Saturday, 21 July 2018

Kandy

The origins of the Royal Botanical Gardens in Peradeniya on the outskirts of Kandy date back as far as 1371. They extend to almost 150 acres, and are filled with a huge array of Sri Lankan plant life.
We were given a small guide to the gardens, and I 
noticed a painting on the back cover done by Botanical Artist, Marianne North.  I have always loved her paintings, and enjoyed the thought that she had been here in these very gardens painting the trees and flowers in 1876. 
Orchid Houses are always interesting to visit, and this one was no exception
This happy couple kindly let me take their photograph
We had our first short splash of rain during the whole trip in these gardens, but luckily we found shelter quickly. As soon as the rain stopped the sky turned blue and the sun reappeared again.

Along the side of the river is the bamboo collection where they have the largest bamboo in the world growing which comes from Burma (Dendrocalamus giganteus). The stems attain a height of 40m and the average growth rate of new shoots is 30cm a day. 
After lunch we headed off to visit the Royal Palace in Kandy which is now the Temple of the Tooth. 
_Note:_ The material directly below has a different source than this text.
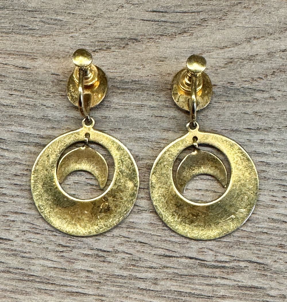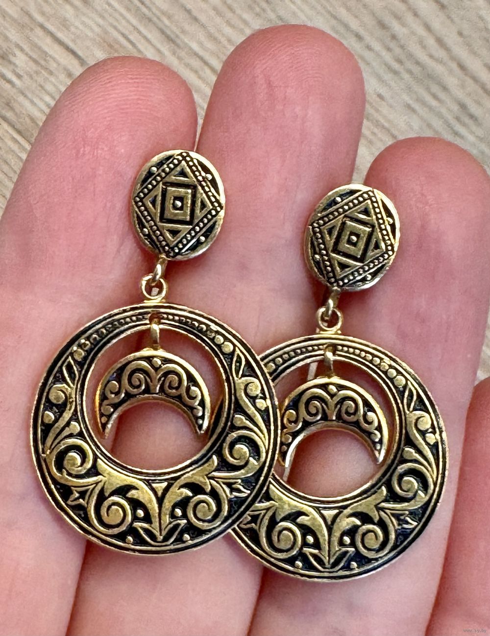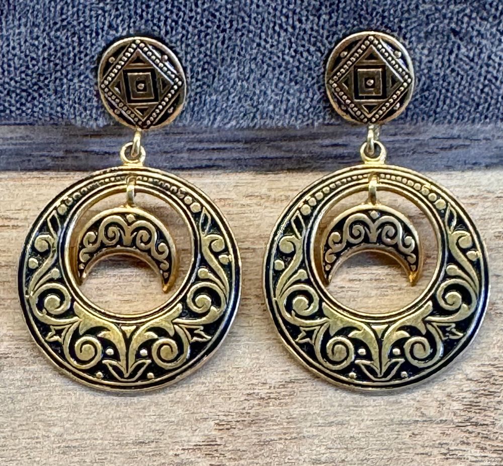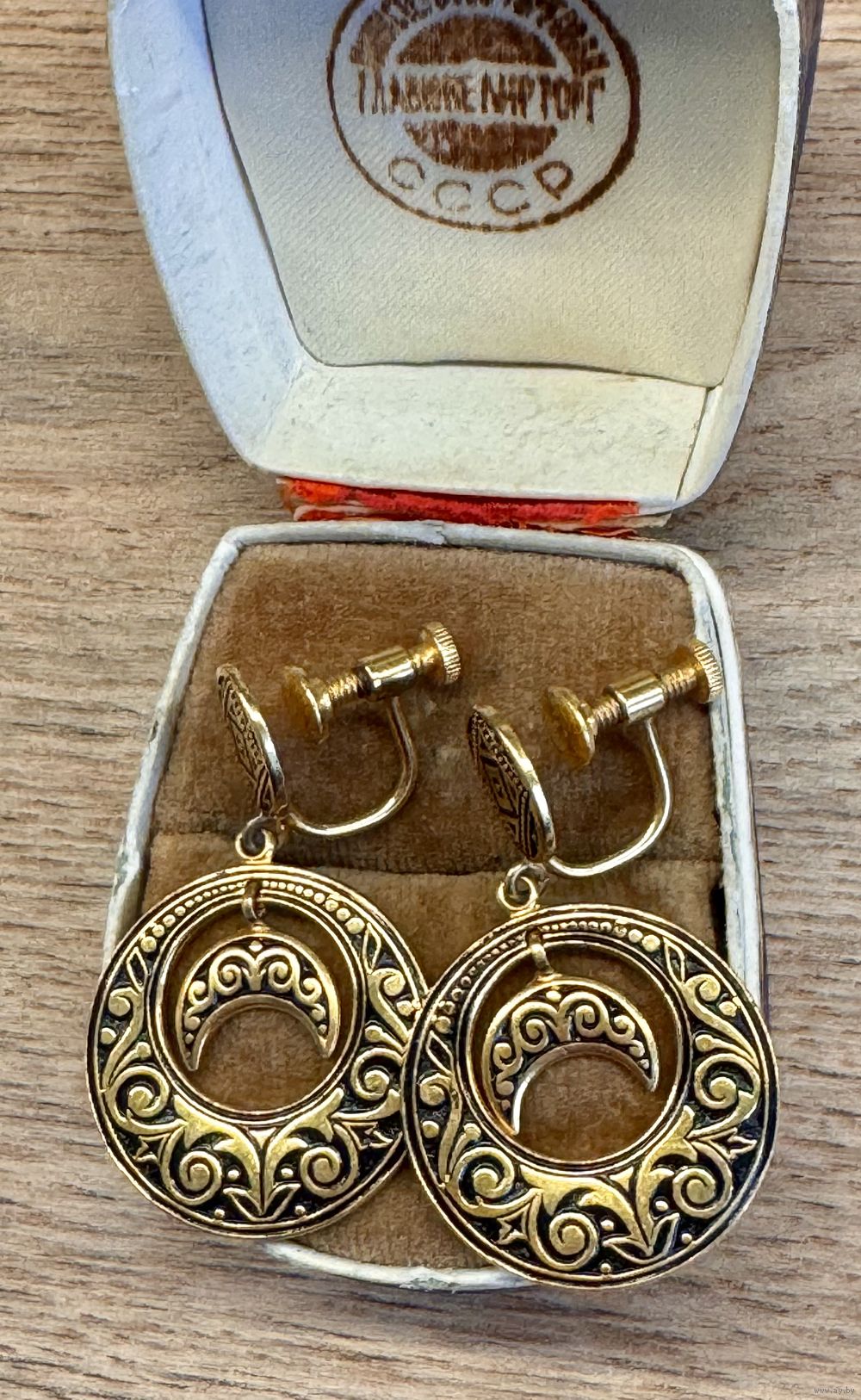 Винтажные клипсы на винтах в технике дамаскин. Высота 3,7см. Диаметр подвески 2,3см. Состояние хорошее.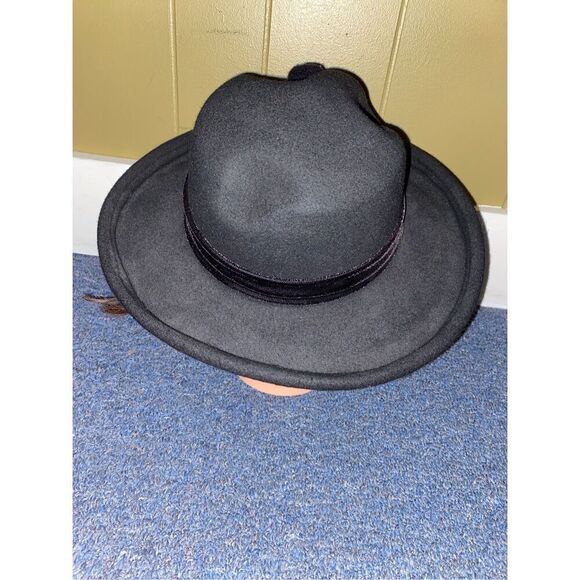 Women OS 100% wool brim hat w/satin ribbon w/ floral appliqué on front of hat

The temple houses the tooth of the Buddha which was concealed in the hair of an Indian princess and brought to Sri Lanka in the 4th century. It is an object of great reverence for Buddhists the world over.
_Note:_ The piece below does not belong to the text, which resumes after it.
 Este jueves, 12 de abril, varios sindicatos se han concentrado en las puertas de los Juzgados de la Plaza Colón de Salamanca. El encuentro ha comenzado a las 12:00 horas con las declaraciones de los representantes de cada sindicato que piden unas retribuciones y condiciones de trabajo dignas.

However, on arrival we changed our minds about visiting the temple. The soles of my husband's feet had had enough. This very large building which had been the Royal Palace is filled with many rooms, courtyards, steps etc which all have to be negotiated without shoes.
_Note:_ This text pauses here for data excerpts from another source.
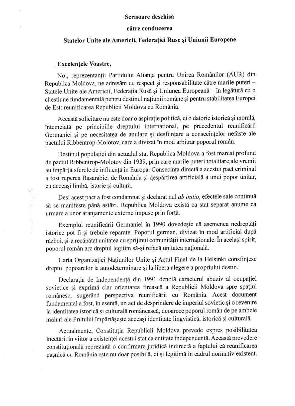 În scrisorile depuse la ambasade, AUR Moldova a subliniat că „reunificarea Republicii Moldova cu România nu este doar o aspirație politică, ci o datorie istorică și morală, fundamentată pe principiile dreptului internațional, pe precedentul reunificării Germaniei și pe necesitatea anulării consecințelor pactului Ribbentrop-Molotov”.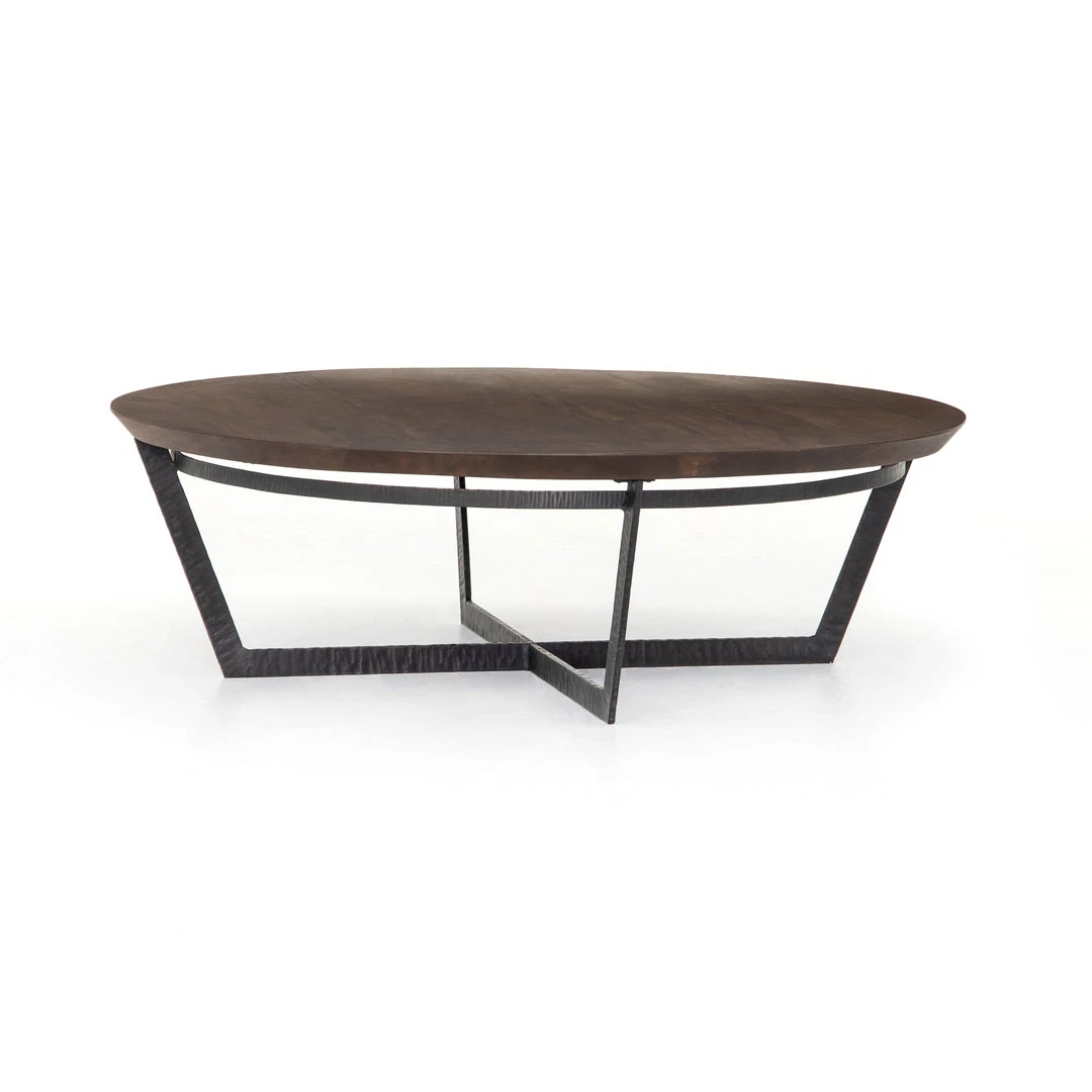 Elegant edge. A raw, rustic iron base supports a round, white marble top, which is sandblasted for textured nuance and sophisticated polish.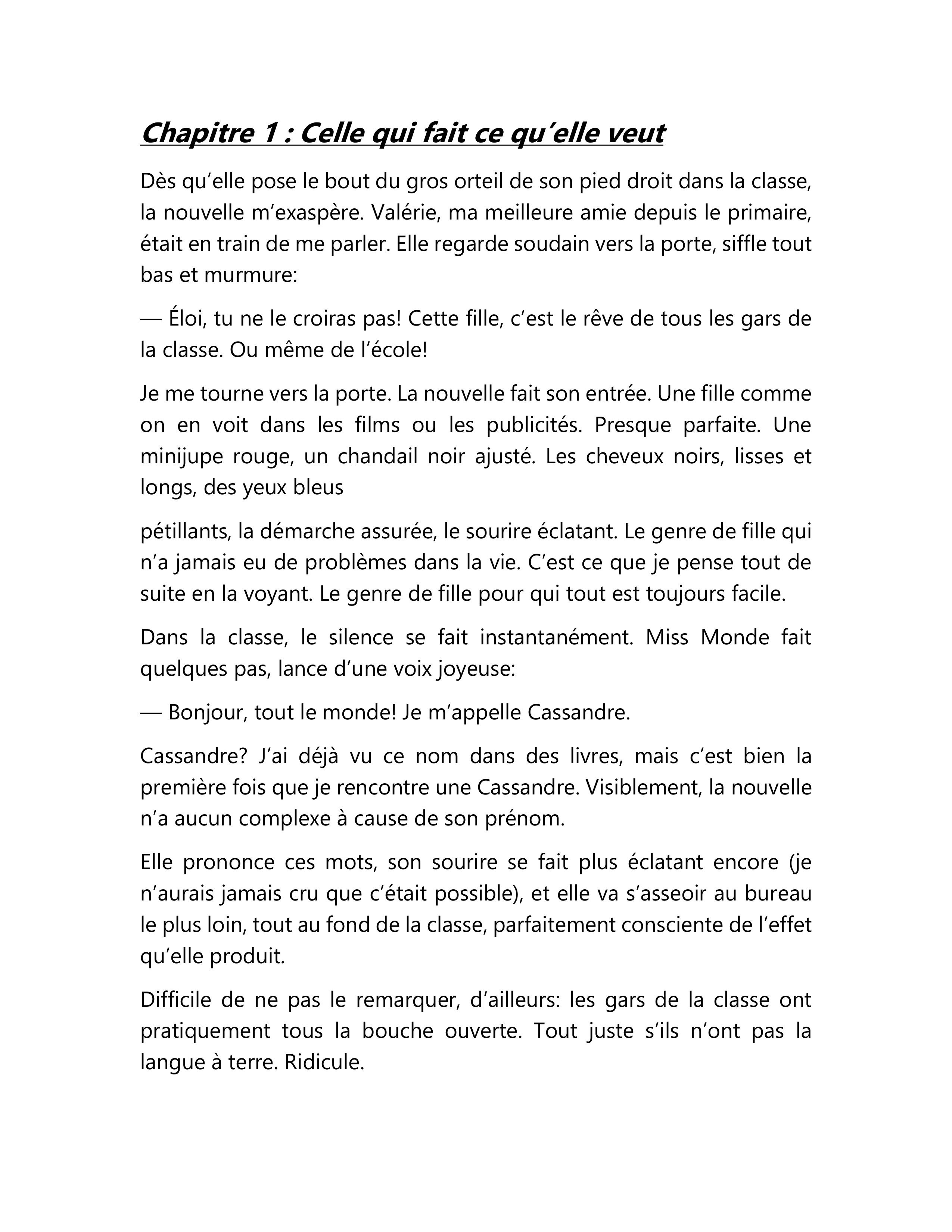 Après avoir relu le chapitre 1, qu’est-ce que l’attitude de Cassandre nous révèle sur sa personnalité? (Nomme, explique et exemplifie)

As we were making our minds up on where else we should go the skies suddenly opened up and sent down an almighty torrent of rain, the second and final rainfall of the trip. The sky was blue, the sun out, but in the blink of an eye it was like standing beneath a fireman's hose continuously for 15 minutes. It took my leather shoes 5 days to dry out, and I wondered whether or not I would ever be able to wear them again. It was an experience, which made us laugh on reflection, and something we shall never forget. Just as suddenly the rains stopped, the sky turned blue, the sun appeared, and everyone continued with whatever they had been doing before.
We climbed the steep hill behind the temple to visit the British Garrison Cemetery which gave us a poignant glimpse of Empire days. The epitaphs showed that those who are buried in the cemetery were from many corners of the British Isles - Limerick in Ireland, Inverness in Scotland, Guernsey, Liverpool, and London etc. As we wandered around reading the tombs we quickly realised that the Colonial lifestyle is not all about hunting, shooting, fishing, and lavish cocktail parties. The headstones revealed to us just how hazardous the early 1800s were for those living away in far off exotic lands. "Three infant daughters each died in consecutive years of cholera"; "John Spottiswood Robertson, died 1870, the seventh and last known death of a European to have been killed by a wild elephant in Ceylon"; "Captain James McGlashan, aged 26 years old, who fought valiantly at the Battle of Waterloo, but died of malaria in Ceylon"; "William Robert Lyte 19year old grandson of Rev.Henry Francis Lyte, author of the hymn 'Abide with Me'. 
As we were strolling around the cemetery reading the tombstones, an elderly man suddenly appeared wearing a sarong. He turned out to be the caretaker of the cemetery, and he began talking to us in his eloquent BBC English. We discovered that his name was Charles Carmichael, a Sri Lankan, but with some Scottish and Indian ancestry. He told us about several of the tombs, and how he tended and cared for the graves every day of the week throughout the year.